How would it ever be possible for her to discern in her memory of that gaze the shadow of approval cast by his surprise? Or ever to differentiate what she saw from what her desire cast, a shadow itself, over his face? And if it were, ever could be, approval, at what cost? That she deny the flesh which had cared for her sufficiently to live the lie that permitted the living? Somewhere in all this famishment for acceptance, she had to find an appetite—that much if no more—for honor.

“How did you imagine they'd regard you? As a prince with
droit de seigneur?
I realize, of course,” she threw in casually, speaking of her life in the third person and the passive construction, “that the child was unwanted. But you were the doctor, after all. You were the one who might have thought about a contraceptive.”

“I had other things to think about. Food. Shelter. Survival. And survival as much as possible on my terms. Or what the world had left to me of my terms.”

“It … could appear to some as a convenient excuse.”

He shrugged. “You are your mother's daughter.”

One honor gained, another lost. Pain rusted through her as if a scalpel carelessly left in the intestines from some long-ago operation had suddenly been twisted.

“I am also your daughter.”

An indifferent smile. “On one meeting?”

“No. Not on one meeting. Merely on fact. Or do you deny it?”

“I don't deny it, my dear. But I think it has little relevance to either of our lives.”

There was no key and no way to batter against a door sealed with such Old World politesse. Julian sensed treacherous tears rising. She forced them down.
That he will not have. He will not see you cry. Never
. But the voice that asked the next question embarrassed her by its thin, childish quality.

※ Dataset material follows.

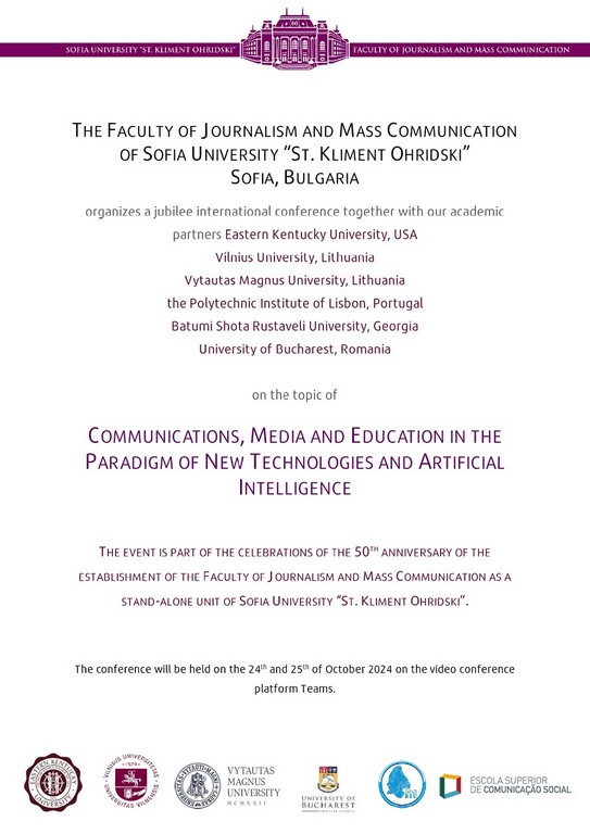 24-25 жовтня 2024 року на платформі відеоконференцій Microsoft Teams відбулася ювілейна Міжнародна наукова конференція "Communications, Media and Education in the Paradigm of New Technologies and Artificial Intelligence" організована Факультетом журналістики та масової комунікації Софійського університету «Св. Климент Охридський». Партнерами конференції виступили університети Литви, Румунії, Грузії, Португалії та США. Усього в конференції взяли участь понад 90 представників різних країн. Від Факультету журналістики Київського столичного університету імені Бориса Грінченка виступили Тетяна Поліщук, старший викладач кафедри реклами та зв'язків з громадськістю та Олександра Гондюл, викладач кафедри міжнародної журналістики. У своїй доповіді "Media education for adults at the Media Hub Grinchenko University" вони познайомили професійну спільноту з досвідом медіаосвіти для дорослих, який реалізує Факультет журналістики. У доповіді представили успішно реалізовані проєкти на базі Медіахабу Університету Грінченка:

“Did you—ever love her? At all?”

“What a traditional question for a modern young woman.” Was he trying to tease her, his way of being kind? “But I fear I must tell you: the answer is no.”

“Never? Even—”

“Even when you were conceived? No. Oh, yes”—that smile—“you are shocked that I knew what you were really asking? You forget, you see, I am a pediatrician—which means I know women. I know their sentimentality about conception. Nature herself is not sentimental about it, you know.”

“She loved you. You knew that.”

“I knew that, yes. And certainly I was—fond of her. Your mother was an attractive woman. And she was good to me, I will say that. But she was totally unrealistic in terms of what she expected from me. A possessive woman, Hope. She wanted my whole life, my soul.”

“She wanted you to love her, perhaps. That might be a simpler reason for what later became her possessiveness.” How odd to defend the rights of one's enemy, as if to keep the adversary worthy of what had been one's own best, in a lifelong contest of wills. “She shared her life with you. Was it so bizarre for her to want you to share the building of your new life with her? It wasn't as if you already had an established way of existence. You'd lost your entire family, you'd crawled through the nightmare of the camps, you were a fugitive from the hell that Europe had become—”

He shifted abruptly in his chair. The posture stiffened, as if an old fencing master had entered the room.